У меня вдруг возникло такое ощущение, будто я нахожусь в сумасшедшем доме. Посреди столовой, полной шумных озорников, разряженных в красное, синее, пурпурное и разноцветное, как мужчины и женщины XVI, XVII и XVIII веков, как турки, эскимосы и клоуны, с лицами, раскрашенными красками, намазанными жженой пробкой и посыпанными мукой, мне померещился тот багровый закат, что наподобие кровавого моря переливался волнами вереска, катившимися туда, где у черного пруда и согнутых ветром елей лежало тело Кристофера Лавлока рядом с трупом его коня на фоне залитых темно-красной краской желтого гравия и лилового тростника, а из этого красного марева возникла белокурая голова в серой шляпе, бледное лицо, отсутствующий взгляд и странная улыбка миссис Оук. Все это показалось мне ужасным, вульгарным, отвратительным, как если бы я и впрямь попал в сумасшедший дом.
VIII
С этого момента я заметил в Уильяме Оуке перемену; вернее сказать, перемена, вероятно, начала происходить раньше, а теперь стала внешне заметна.
Не знаю, произошла ли у него с женой ссора по поводу ее маскарада в тот злополучный вечер. Вообще-то, думаю, что нет. Ведь Оук со всеми был сдержан и застенчив, а больше всех — с собственной женой; к тому же, как мне представляется, он был просто неспособен выразить словами сильное чувство неодобрения по отношению к ней, и его осуждение поневоле должно было быть молчаливым. Как бы то ни было, я очень скоро понял, что отношения между хозяином и хозяйкой дома стали чрезвычайно натянутыми. Миссис Оук и никогда-то не обращала особого внимания на своего мужа, а теперь казалась лишь чуть более безразличной к его присутствию, чем раньше. Но сам Оук, желая скрыть свои чувства и из боязни поставить меня в неприятное положение, хоть и делал вид, что обращается к ней за столом, явно с трудом заставлял себя разговаривать с женой или даже смотреть в ее сторону. Честная душа бедняги была преисполнена боли, которую он всячески скрывал, загоняя внутрь, и она, похоже, пропитала собой все его существо и отравила его своим ядом. Эта женщина больно уязвила и огорчила его, причинив ему невыразимые страдания, и тем не менее он, очевидно, не мог ни разлюбить ее, ни научиться понимать истинную ее природу. Во время наших продолжительных прогулок по этой однообразной местности, когда мы, бродя по пастбищам с редкими дубравами и вдоль края хмельников, стоящих сомкнутыми темно-зелеными шеренгами (Оук из Оукхерста старательно сбивал запримеченные им головки чертополоха), и изредка перебрасывались фразами о ценах на зерно, осушении земель в поместье, сельских школах, «Лиге подснежника» и несправедливостях Гладстона, я подчас испытывал острое и бессильное желание раскрыть этому человеку глаза на сущность характера его жены. Мне казалось, что я так хорошо понимал этот характер, а хорошо понимать его значило, на мой взгляд, спокойно принимать таким, какой он есть; я считал несправедливостью судьбы, что из всех людей именно он обречен вечно ломать голову над этой загадкой и изматывать свою душу, пытаясь постичь то, что казалось мне теперь таким ясным. Но разве возможно было сделать так, чтобы этот серьезный, добросовестный тугодум, это воплощение английской простоты, честности и основательности, понял эту натуру, эту смесь эгоцентричного тщеславия, ограниченности, поэтического воображения, любви к нездоровому возбуждению, которая носила имя Элис Оук?

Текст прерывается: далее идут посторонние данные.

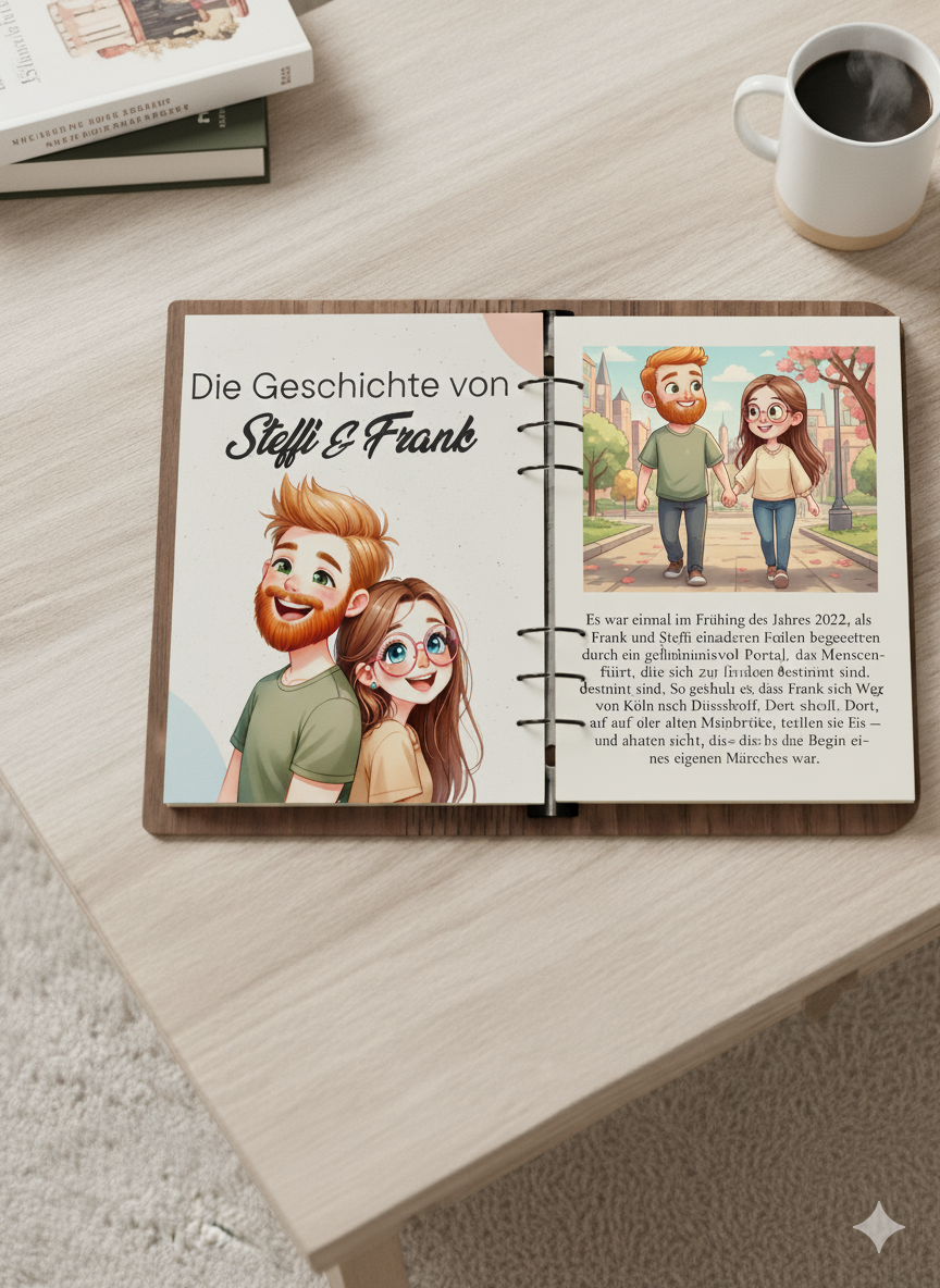 With us, you can create a gift that not only looks beautiful—but also tells your story. You upload one or more images, choose a style, customize everything to your liking, and instantly see an emotional preview. Whether you're creating an anniversary gift or looking for a personalized gift for your girlfriend or boyfriend: With DreamyTales, you can turn memories into something personal—and a moment into a truly heartfelt gift.
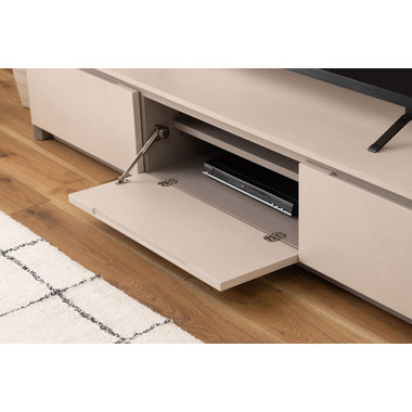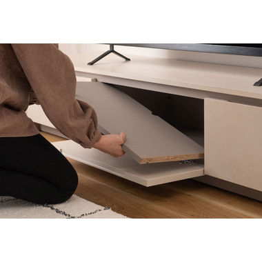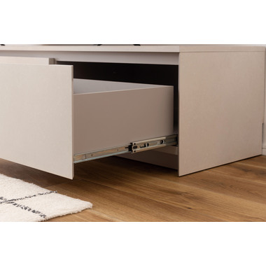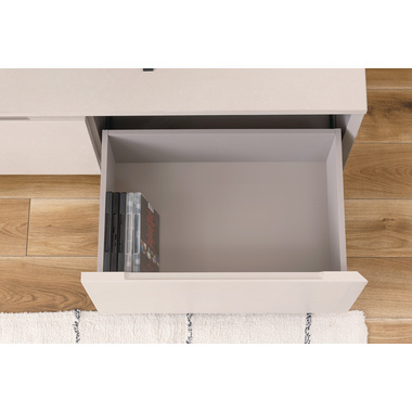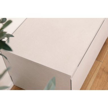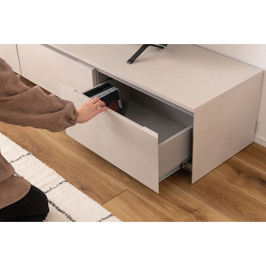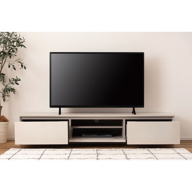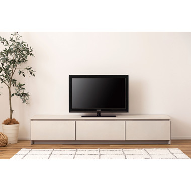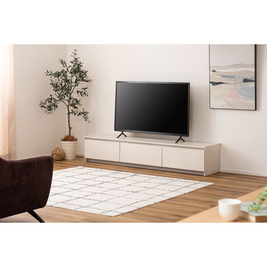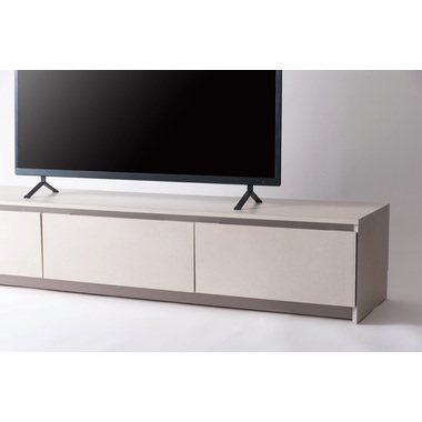 ●インテリアの主役にもなる存在感抜群のテレビボード。●収納力も、デザイン性と機能性を兼ね備えています。●こだわりが詰まった高品質の日本製。●本体の左右は引き出しタイプの収納スペース。スライドレール仕様で手前までしっかりと引き出せるので収納物の出し入れが楽にでき、引き出し奥までしっかりと収納する事ができます。●中央部分はフラップ扉タイプの収納スペース。AVデッキ等の収納に最適。●また、3段階の高さ調整が可能な棚板が付いています。●フラップ扉を開ける時のスピードを調節できるソフトダウンステー調整機能付き。●中央スペースの背面にはコード通し穴が上下に2箇所付いているので、AVデッキ類の配線処理もらくらく。●天板背面にはコードスリットが付いているので、TVのコードをスッキリ綺麗に処理できます。●側面の後ろ側にも巾木除けにもなるコードスリットが付いているので、綺麗に壁へ寄せての設置が可能です。●本体の表面部分はストーン調のメラミン化粧板仕上げ。メラミン化粧板は表面硬度が高く、対汚染性・耐摩耗性・耐熱性・耐水性に優れた特徴を持っています。
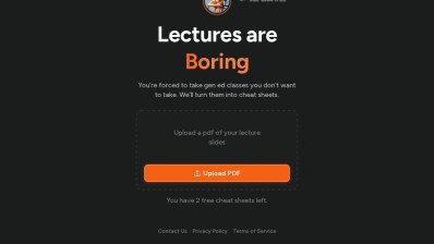 FGenEds offers users cheat sheets for general education courses. It enables users to upload a PDF of lecture slides and converts the content into a more accessible format. Additionally, it includes a Privacy Policy and Terms of Service.
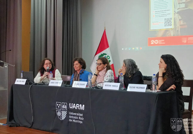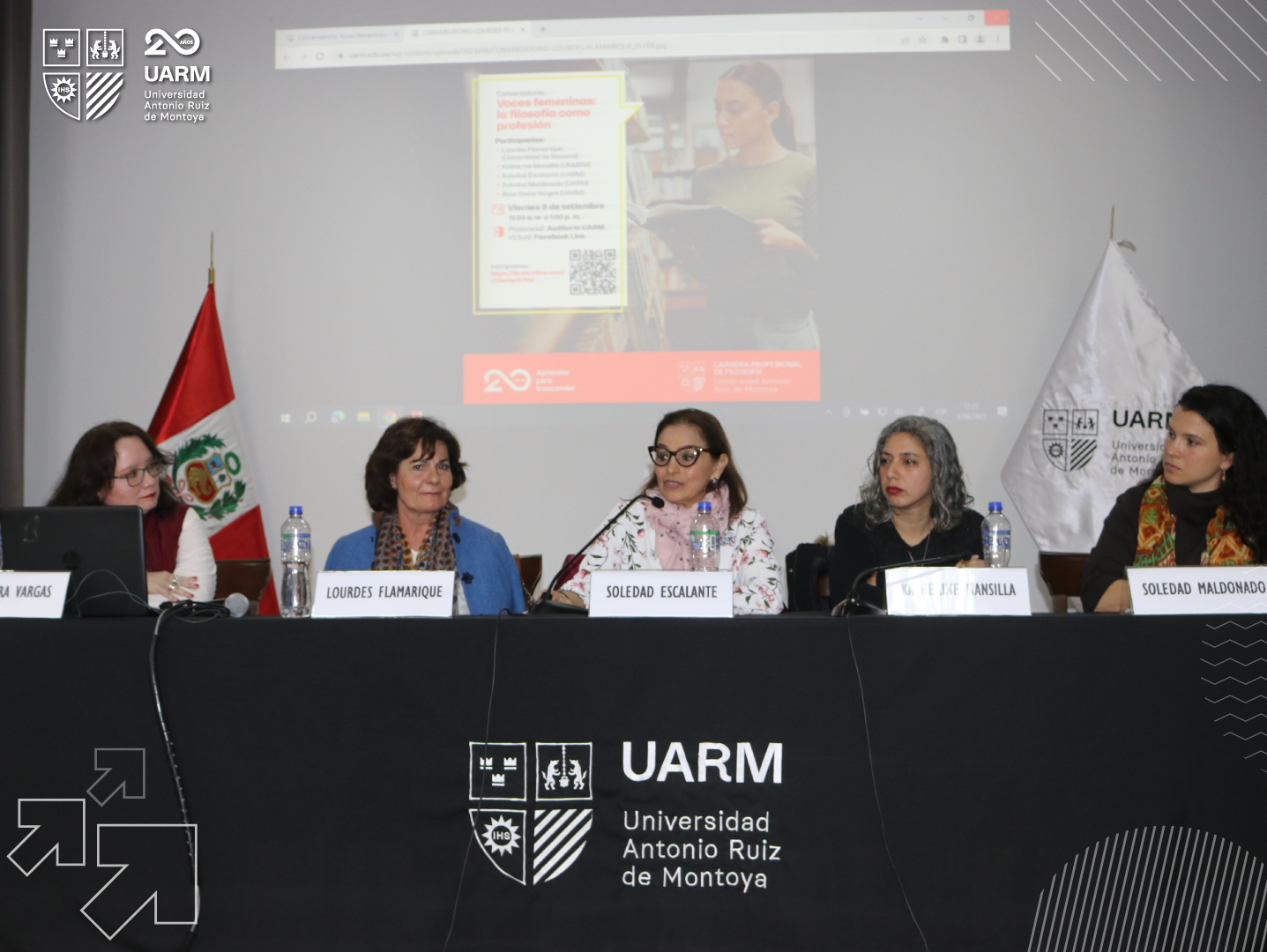 El 8 de setiembre, Lourdes Flamarique compartió su experiencia personal como mujer filósofa, desde su formación hasta la actualidad, en el Conversatorio: Voces femeninas: la filosofía como profesión, evento en el que estuvo acompañada de Katherine Mansilla (UNMSM), Soledad Escalante, directora ejecutiva de la Revista Sílex, Soledad Maldonado, directora de Responsabilidad Social Universitaria de la UARM y de Rosa Elvira Vargas, jefa de la carrera de Filosofía. Las panelistas dialogaron sobre el rol de la mujer en el ámbito profesional de la filosofía y la importancia de esta disciplina en la formación profesional de los estudiantes.
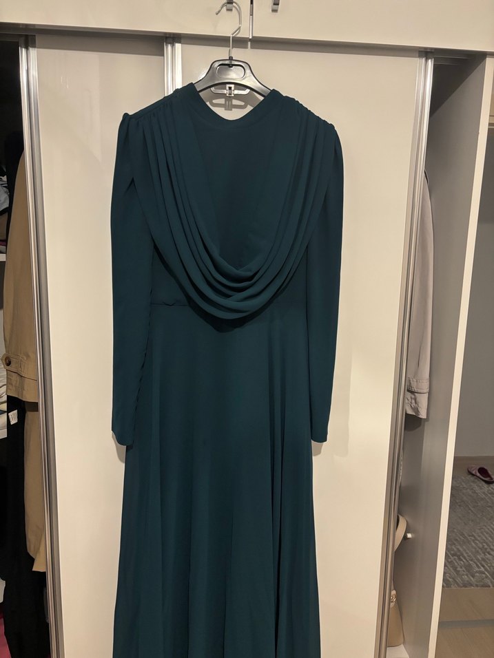 Hiçbir kusuru yoktur sadece bir kez düğünde giyildi koyu yeşil renktir
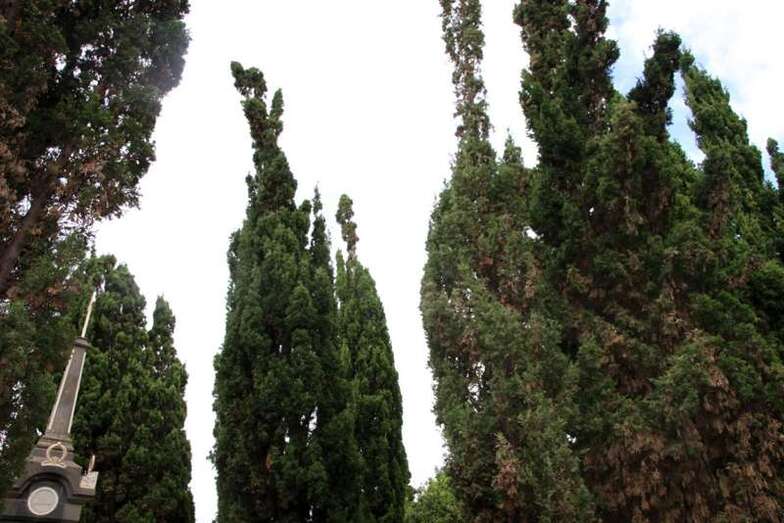 ¿Qué mano os quitó la vida,/ cipreses del cementerio?/ ¡Qué alma ruin os dio la muerte/ a vosotros compañeros/ de la Muerte, veladores/ del gran sueño?/ ¿Quién ha matado la vida/ en el viejo cementerio?/ Cipreses: vuestras raíces/ arrancaban a la tierra sus secretos/ y vuestras ramas erguidas/ hablaban de los misterios/ de la muerte al infinito…../ Vosotros, en el silencio/ de aquella lejana tarde,/ gris y fría de un invierno,/ oísteis los secos golpes/ que en tierra el sepulturero/ daba con el azadón/ que abría, pertinaz, un surco nuevo./ Era un surco como tantos/ en el campo aquel abrieron;/ pero al borde de él, aquella/ fría y gris tarde de invierno,/ en un severo ataúd/ visteis a mi padre muerto…./
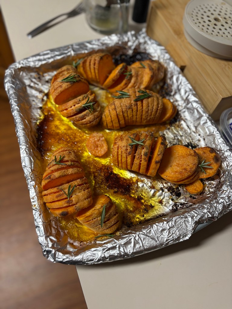If I ever do these again, I’m going with the butter, sugar, cinnamon recipe. I think it would be more tasty. I had a hard time with garlic on a sweet potato but the parm made a nice crust on top.
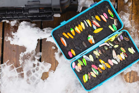 Set of spinners, wobblers, silicone baits, hooks for fisherman. Winter, spring fishing on paid snow covered ice pond,lake in country club.Catching fish with rods.Men's hobby,entertainment,competition.
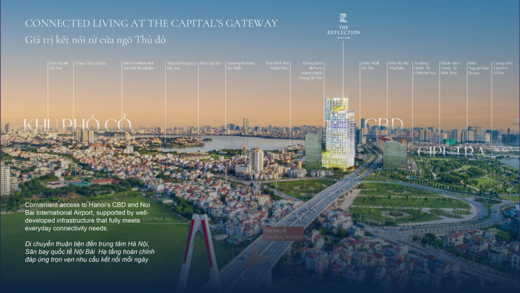 Từ The Reflection West Lake, cư dân dễ dàng di chuyển đến các khu vực trọng điểm:
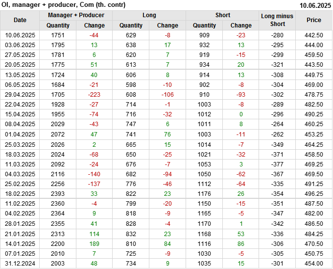 За прошлую неделю, 04.06.25 — 10.06.25, разница между длинными и короткими позициями управляющих увеличилась на 16.2 тыс. контрактов. В тоже время, цена упала на 1.5 цента.
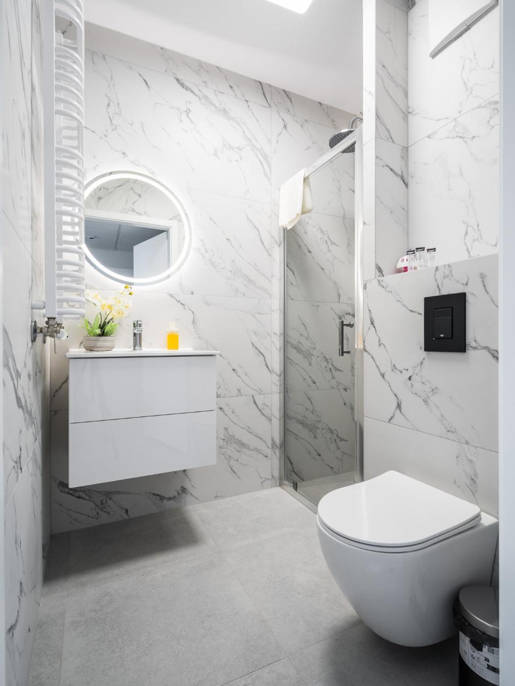 Studio z balkonem. In the kitchen, guests will find a stovetop, a refrigerator, kitchenware and a microwave. This air-conditioned studio is comprised of a flat-screen TV with streaming services, a private bathroom as well as a terrace with city views. The unit has 1 bed. Studio - 2 osobowy. Powierzchnia pokoju ok.: 20 mkw. ;
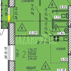 - Общая площадь: 54 м²
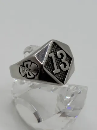 Anillo con un diseño llamativo. Presenta el número 13 en relieve sobre un fondo texturizado - Diseño con el número 13. - Detalle de calavera. - Acero quirúrgico. - Consultar tallas disponibles.
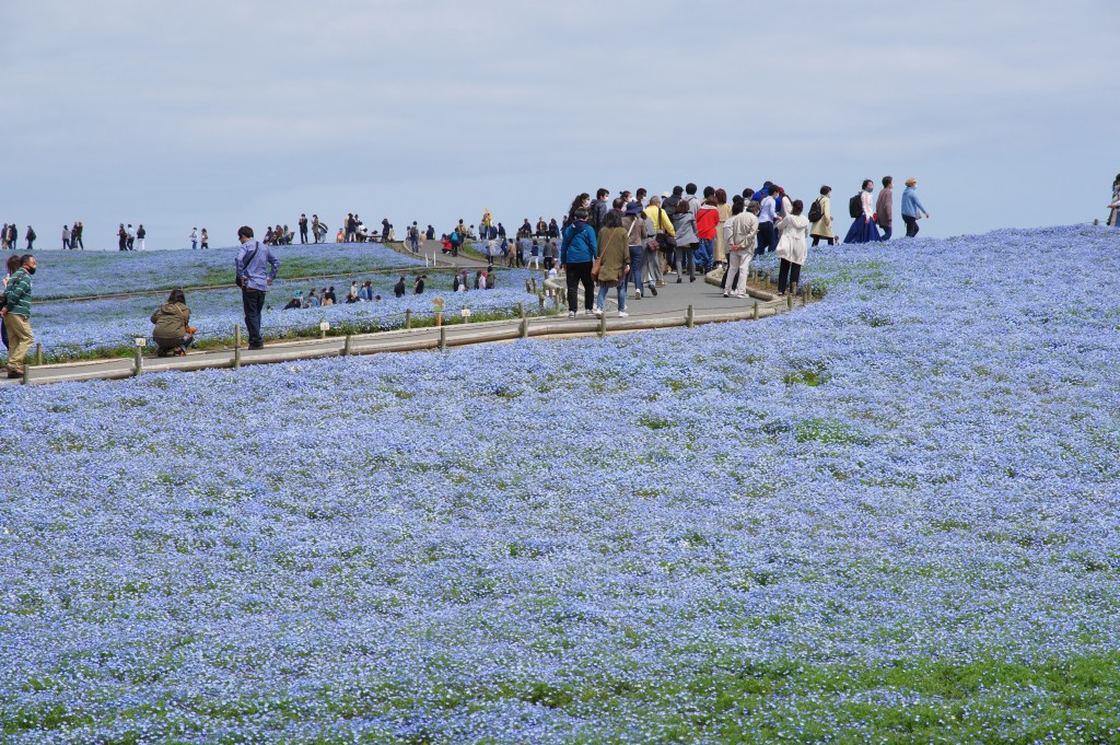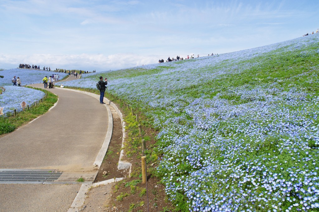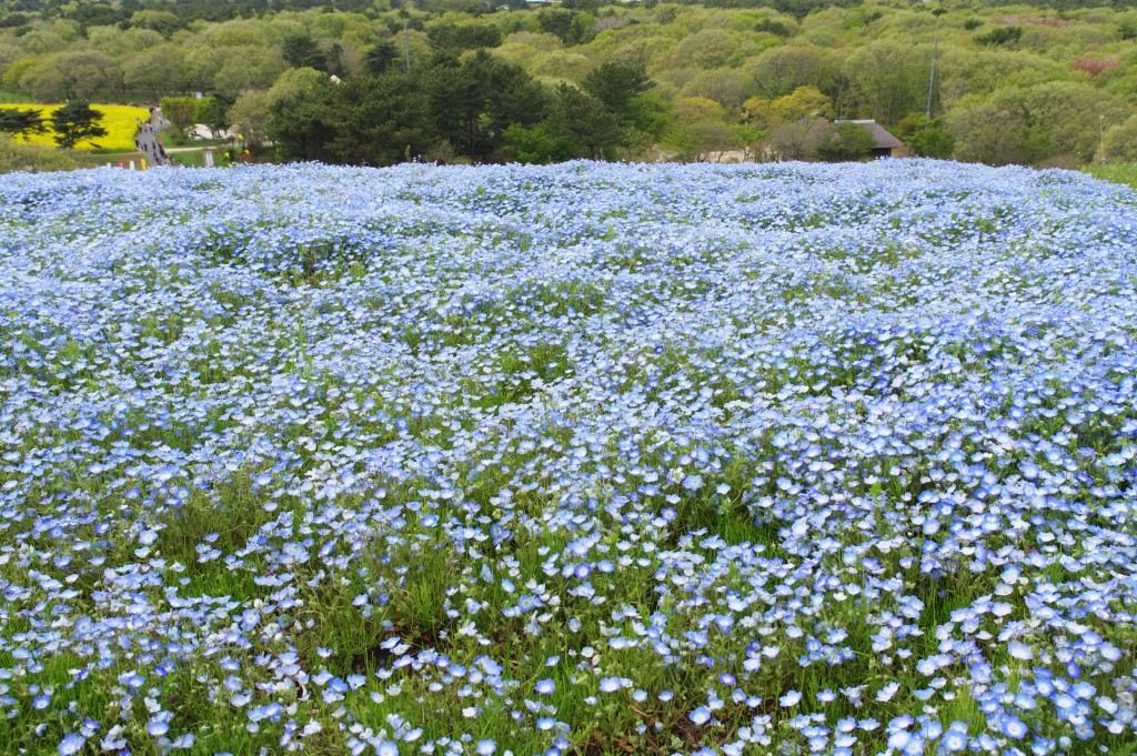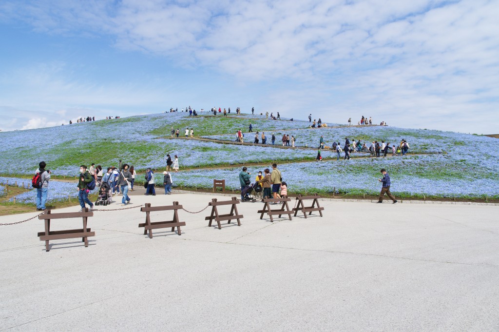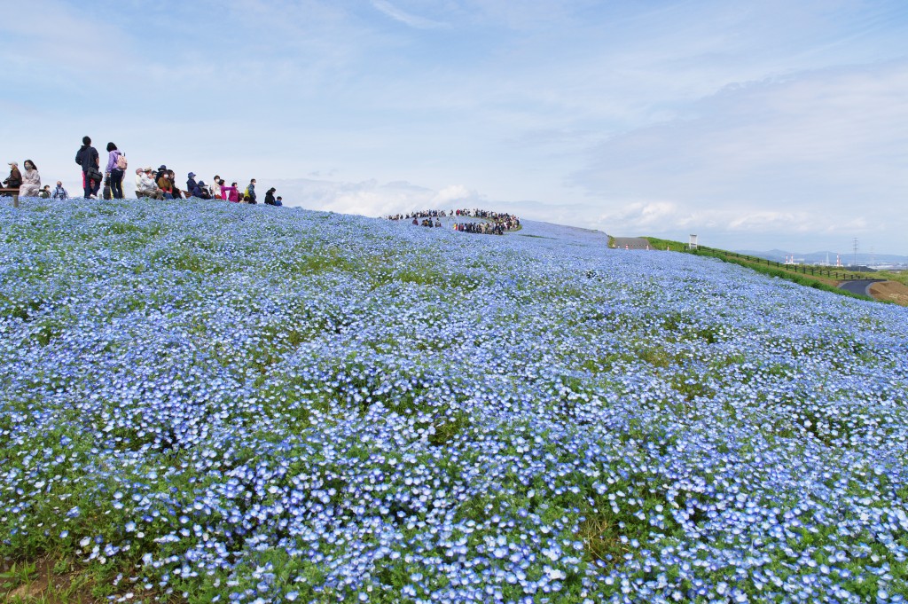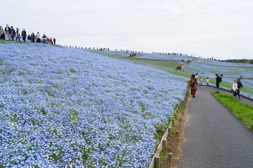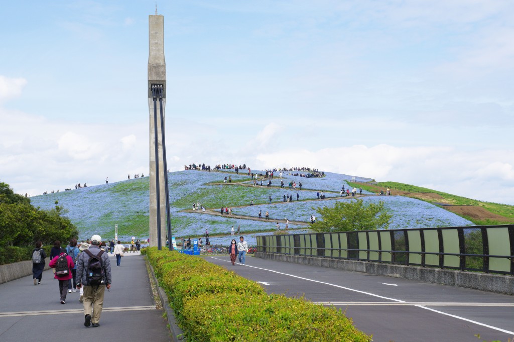 2021年4月、北関東の花スポットを訪れました。国営ひたち海浜公園は茨城県ひたちなか市に位置する約350haと広大な面積の公園です。元は飛行場や射爆撃場として使われていた跡地で、1991年(平成3年)に開園して以来拡張を繰り返しています。広い園内は7つのエリアに分かれ、四季折々に咲く多彩な草花を楽しむことができます。中でも「みはらしの丘」で5月頃に見頃を迎える一面に青いネモフィラが広がる光景は茨城県を代表する絶景です。

Поэтому Оук из Оукхерста был обречен на вечное непонимание, но он был также обречен на страдания из-за своей неспособности понять. Бедняга постоянно силился найти объяснение странностям своей жены, и хотя его усилия, по всей вероятности, носили бессознательный характер, они причиняли ему большие муки. Глубокие морщины между бровями — маниакальная складка, по выражению моего приятеля, — похоже, теперь никогда не разглаживались.